Goal of the exercise - Although pictures appear in the data, the answer should contain only the lines from its start through the line with "Envie d’ajouter une", written out exactly.

Provided data -
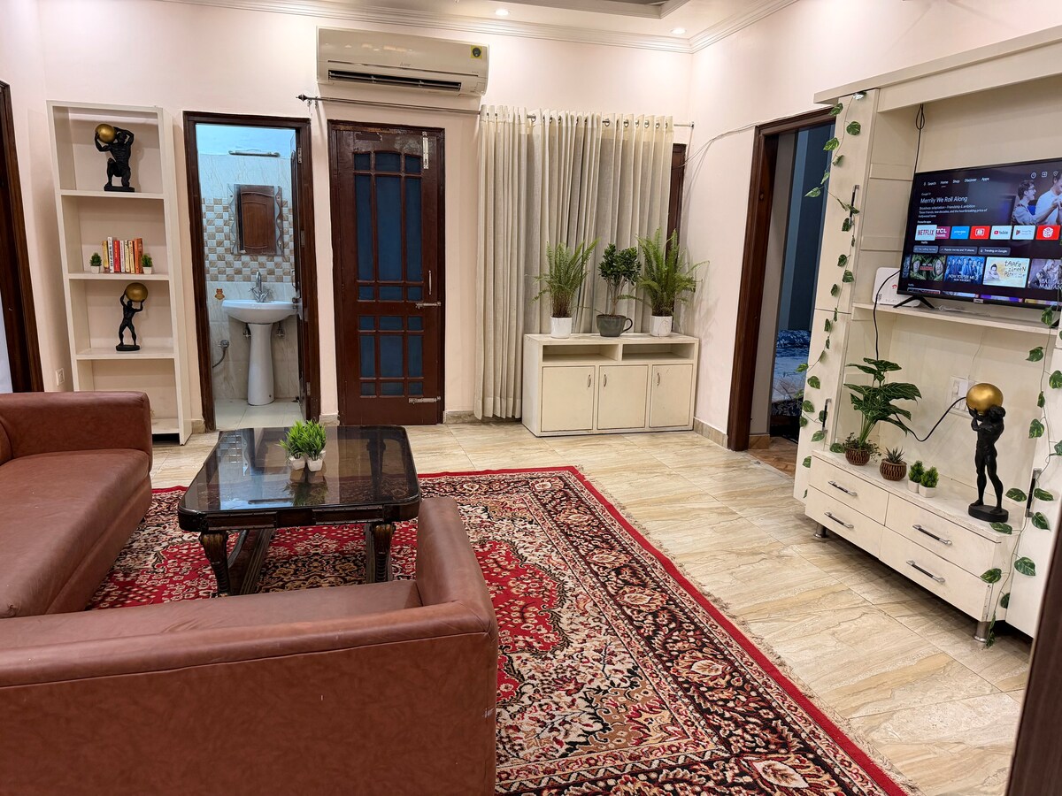 Welcome to Aura Stay, a cozy and peaceful home perfect for a relaxing getaway. 5 minutes away from Railway station (1.5km) & 20 minutes away from the airport .The space features two comfortable, one full washroom and one half washroom, a fully equipped kitchen, a warm living area, and a quiet study/workspace. Guests can also enjoy a cozy private garden, perfect for morning coffee or a peaceful evening. Aura Stay is designed to offer comfort, convenience, and a welcoming home-like experience.
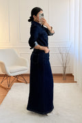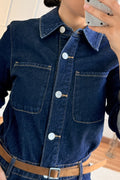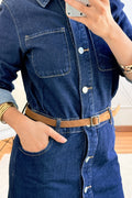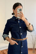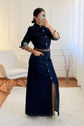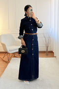 Este vestido comprido em ganga destaca-se pelo design moderno e confortável.
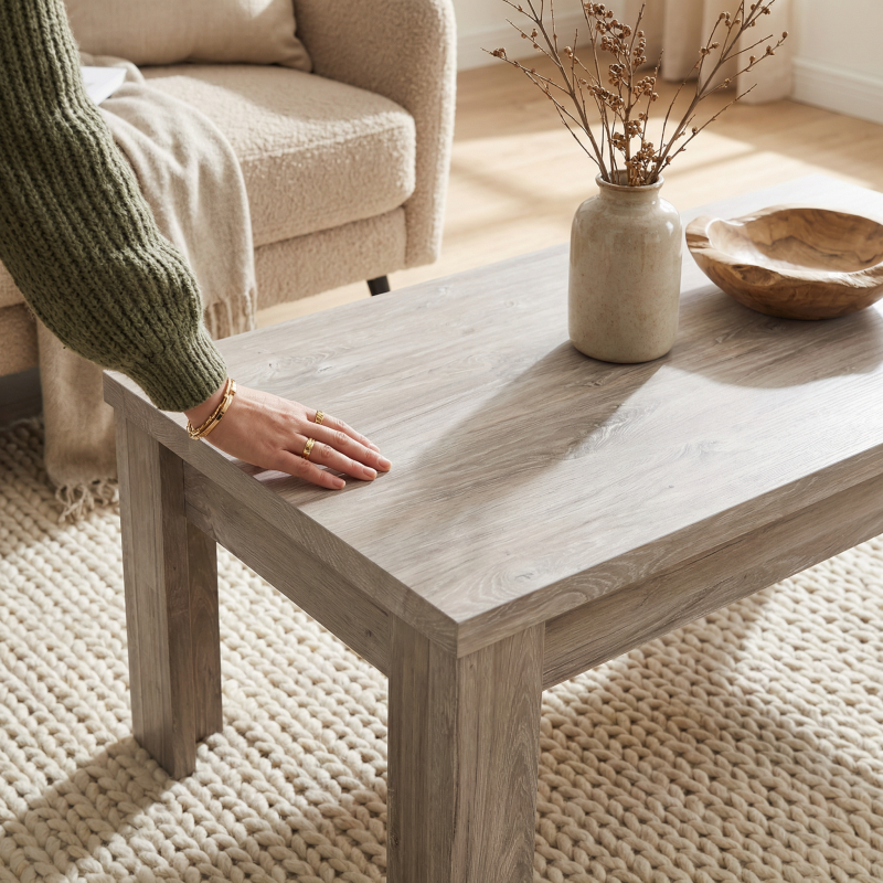 Envie d’ajouter une touche chic à votre salon contemporain? La table basse Oliviera signée Deladeco est le choix parfait ! Conçue en Belgique, elle allie design moderne et fonctionnalité pratique. Avec sa structure en panneaux de particules haut de gamme et sa finition chêne gris, cette table rectangulaire s’adapte avec style à n’importe quel espace de vie. Grâce à ses dimensions généreuses de 120 cm de long, 60 cm de large et 40 cm de haut, elle offre tout l’espace nécessaire pour vos magazines, télécommandes ou objets de déco favoris.
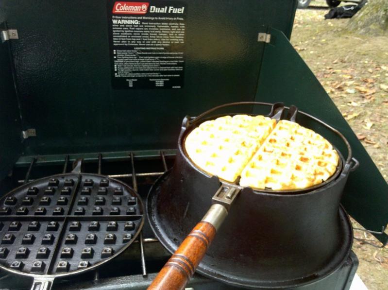 I also have a waffle maker that I just picked up last spring... this thing is great and makes the most perfect waffles that I have ever seen. Never sticks... it just works great on my little camp stove. This one has the high rise that the maker sits in. It's probably five inches or more above the burner to the actual waffle iron. Oh yea, I dated that waffle iron and found that it was made between 1910 and 1922.
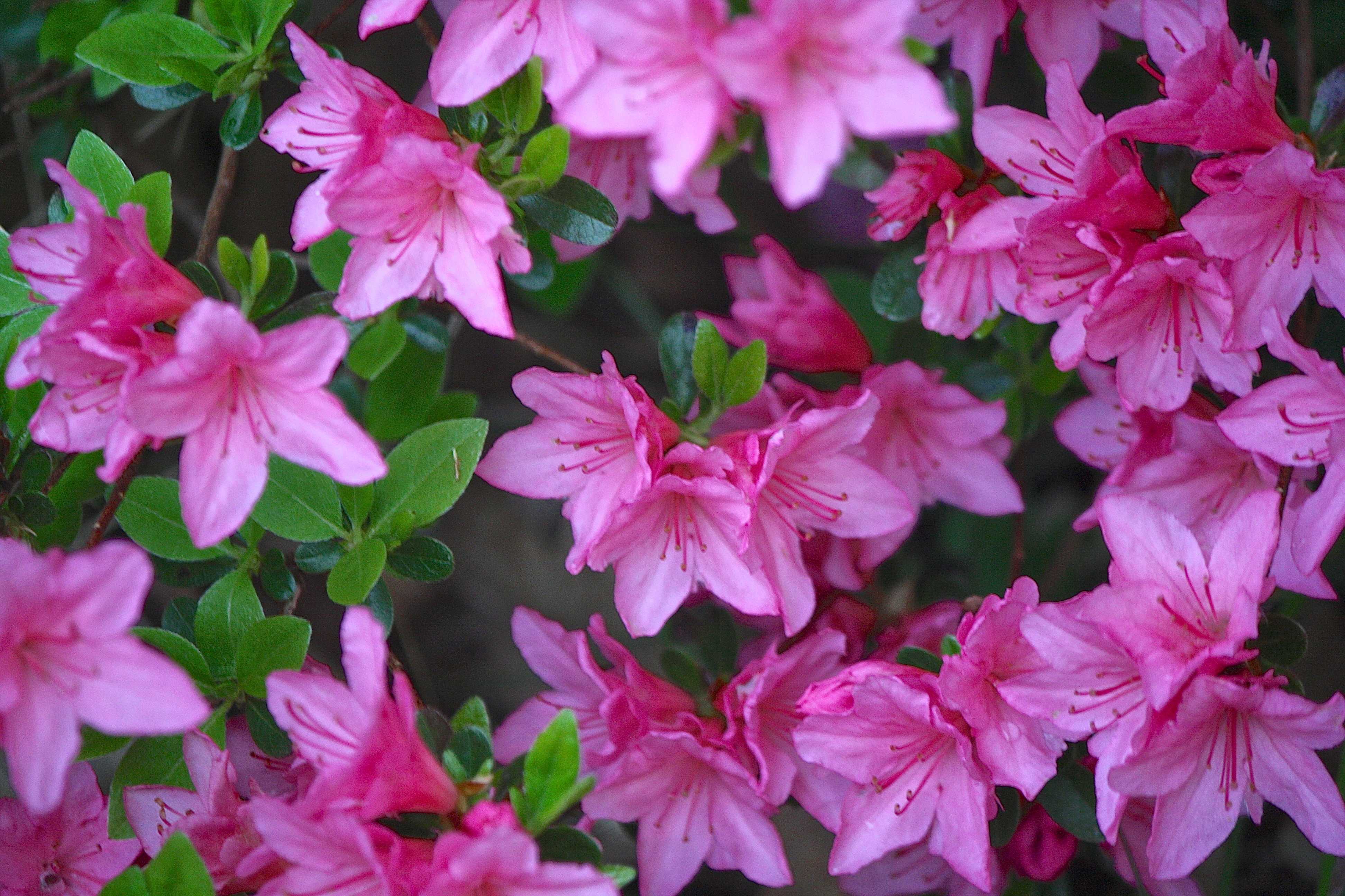Below, this pink Azalea (Rhododendron sp.) on the west side of the house bloomed like crazy. Such a cheerful pink and the bumble bees loved it.
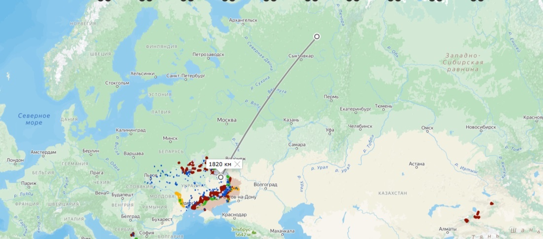 После нескольких относительно спокойных месяцев сегодня вновь проиозшло громкое событие - беспилотники прилетели на НПЗ в Ухту. Возможно, что не каждый читатель представляет где она и как далеко находится от линии соприкосновения. Показываем: 1800 километров по самым скромным подсчётам. Маршрут по прямой рядом с Московским регионом, который само собой прикрыт на 5+. Но трасса могла пройти прямо рядом с ним. Мы выяснили, что во Владимирской области была угроза БПЛА (хотя говорят, что там едва ли не каждую ночь приходят такие СМС от МЧС) в период с 1:30 до 7:00, а маршрут как раз мог быть таким: Местность тут довольно населённая, много различных предприятий и объектов связанных с оборонкой, поэтому можно предположить (хотя это и не стопроцентно), что эти беспилотники могли лететь другим маршрутом (более простым и безопасным для них), частью которого они уже летали несколько раз: А тут расстояние уже будет за 2000 километров. Знаем, опять будут предположения, что запустили из Прибалтики:
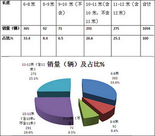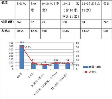 从上图表可见,6-8米长度段占据了江苏区域纯电动客KY.COM近50.6%的市场权重,也就是说超过一半的纯电动客KY.COM是6-8米长度段。其次是10-11米,再次是11-12米,第四是8-9米,且10-11米、11-12米及8-9米销量比例相差不大,但都远远落后于6-8米长度段。
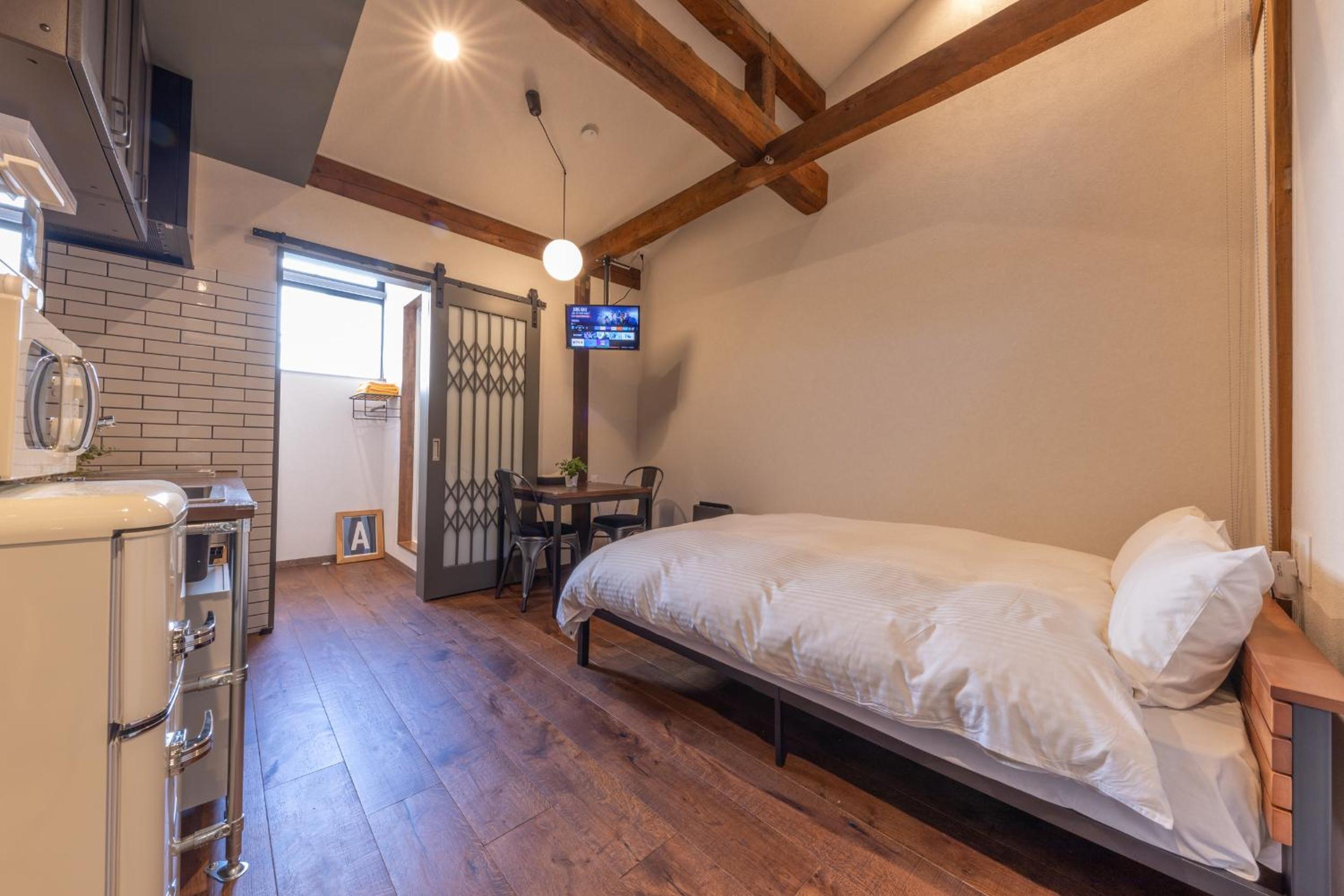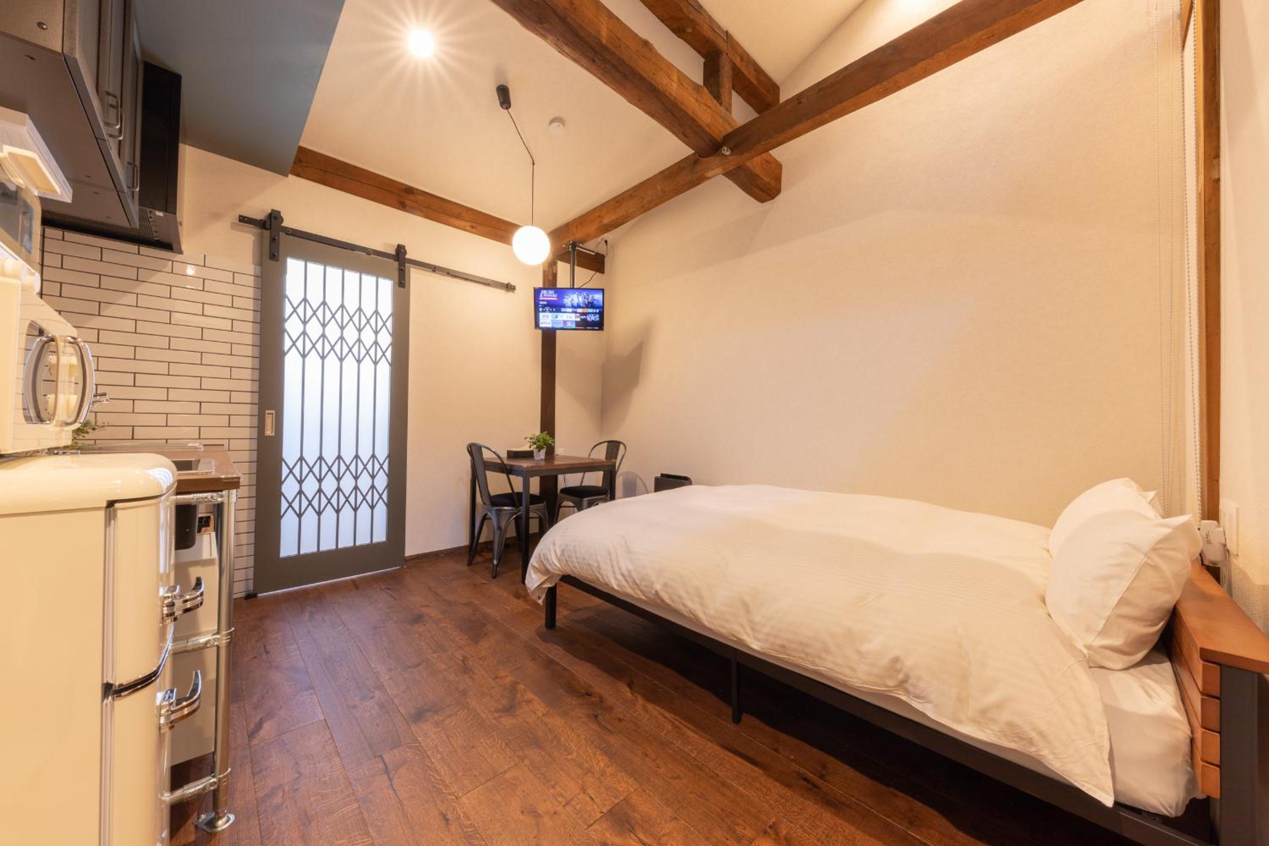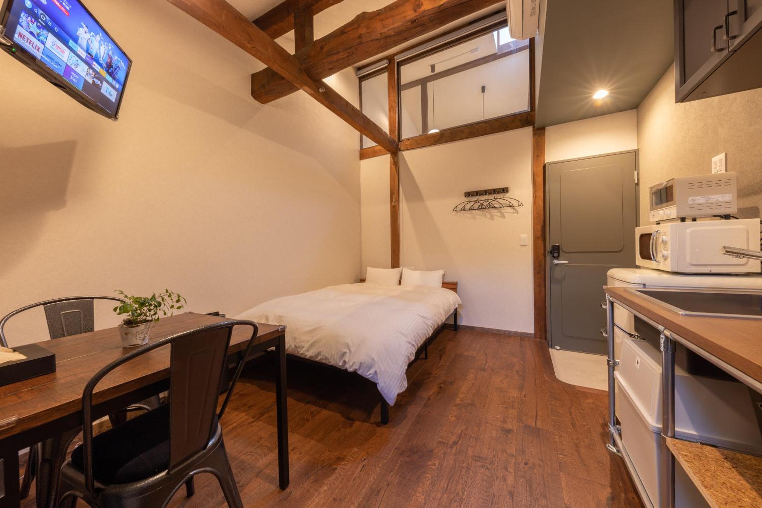 The double room/apartment was a little small. There is no space to put luggage (similar to other places in Japan) and there was no bedside space nor bedside tables. This was manageable for a couple of nights. The benefits, price, and location outweighed the small inconvenience. Some people may find the steep stairs difficult to manage with suitcases. Coffee sachets would be greatly appreciated.

Output of the exercise -
 Welcome to Aura Stay, a cozy and peaceful home perfect for a relaxing getaway. 5 minutes away from Railway station (1.5km) & 20 minutes away from the airport .The space features two comfortable, one full washroom and one half washroom, a fully equipped kitchen, a warm living area, and a quiet study/workspace. Guests can also enjoy a cozy private garden, perfect for morning coffee or a peaceful evening. Aura Stay is designed to offer comfort, convenience, and a welcoming home-like experience.
 Este vestido comprido em ganga destaca-se pelo design moderno e confortável.
 Envie d’ajouter une touche chic à votre salon contemporain? La table basse Oliviera signée Deladeco est le choix parfait ! Conçue en Belgique, elle allie design moderne et fonctionnalité pratique. Avec sa structure en panneaux de particules haut de gamme et sa finition chêne gris, cette table rectangulaire s’adapte avec style à n’importe quel espace de vie. Grâce à ses dimensions généreuses de 120 cm de long, 60 cm de large et 40 cm de haut, elle offre tout l’espace nécessaire pour vos magazines, télécommandes ou objets de déco favoris.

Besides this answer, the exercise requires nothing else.